🤖 AI Summary
Existing EEG-based visual decoding methods neglect the brain’s intrinsic hierarchical organization. Method: This paper proposes a tri-stream hierarchical decoding framework grounded in the Hubel-Wiesel theory, which explicitly decouples visual stimuli into contours, foreground objects, and scene context, and models each via dedicated EEG encoders. A cross-attention routing mechanism enables progressive cross-modal feature fusion, while CLIP-aligned hierarchical contrastive learning supports biologically interpretable zero-shot recognition. Contribution/Results: To our knowledge, this is the first work to explicitly embed canonical visual cortical pathway modeling into the EEG decoding pipeline. On the THINGS-EEG dataset, the method achieves 40.9% within-subject and 22.9% cross-subject Top-1 accuracy—surpassing state-of-the-art by over 45%.
📝 Abstract
Understanding and decoding brain activity into visual representations is a fundamental challenge at the intersection of neuroscience and artificial intelligence. While EEG-based visual decoding has shown promise due to its non-invasive, low-cost nature and millisecond-level temporal resolution, existing methods are limited by their reliance on flat neural representations that overlook the brain's inherent visual hierarchy.

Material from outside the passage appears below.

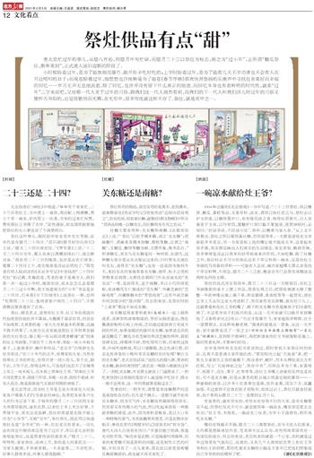 祭灶这件事儿,据民俗学家金受申先生考据,在宋代是在腊月二十四日。“范石湖《腊月村田乐府引》上说:‘腊月二十四日夜祀灶。’《梦华录》上说:‘十二月二十四日交年,都人至夜以酒糟涂抹灶门,谓之醉司命。’现在用二十三日的缘故,也许是应在后夜祭,便算二十四日上午,真实缘故是没法证明的了。”而笔者在明人陆启浤的《北京岁华记》中亦找到“二十四日祀灶”的记载。有趣的是,笔者的妻子是南方人,我们第一次一起过小年时,她很惊讶,说北京怎么会是腊月二十三过小年啊,我才知道南方的“小年”多还是在二十四日,后来看《日下旧闻考》上说祭灶一事,京师“祀期用二十三日,惟南省客户则用二十四日”,不禁感慨这便真是存了古风。
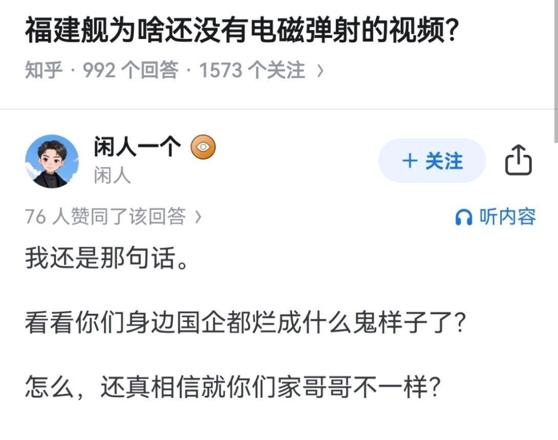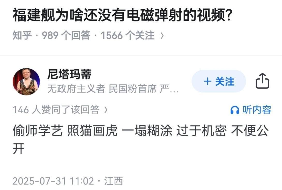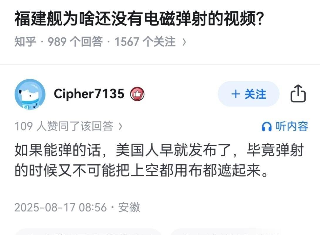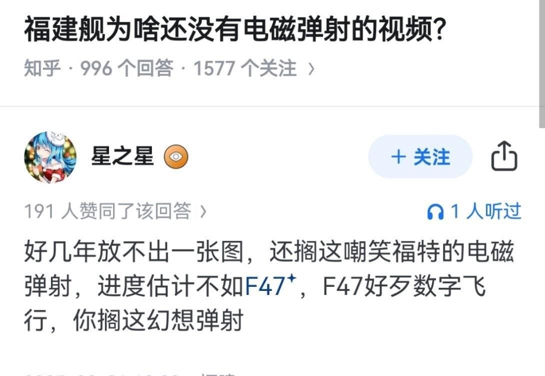 互联网考古!当初在网上拉踩的这帮人请你们出来看看啥叫电磁弹射!还有那位说要吃翔的人! 当初你们说的那真是“愤世嫉俗”啊!今天这算是给你们一个个耳光了!以后麻烦你们,不要“鼠目寸光”,不要做“井底之蛙”。 尤其是那位声称要吃翔的博主,直播的时候麻烦你通知一声,好让大家都来看看你的“尊容”。

In this paper, we introduce ViEEG, a biologically inspired hierarchical EEG decoding framework that aligns with the Hubel-Wiesel theory of visual processing. ViEEG decomposes each visual stimulus into three biologically aligned components-contour, foreground object, and contextual scene-serving as anchors for a three-stream EEG encoder. These EEG features are progressively integrated via cross-attention routing, simulating cortical information flow from V1 to IT to the association cortex. We further adopt hierarchical contrastive learning to align EEG representations with CLIP embeddings, enabling zero-shot object recognition. Extensive experiments on the THINGS-EEG dataset demonstrate that ViEEG achieves state-of-the-art performance, with 40.9% Top-1 accuracy in subject-dependent and 22.9% Top-1 accuracy in cross-subject settings, surpassing existing methods by over 45%. Our framework not only advances the performance frontier but also sets a new paradigm for biologically grounded brain decoding in AI.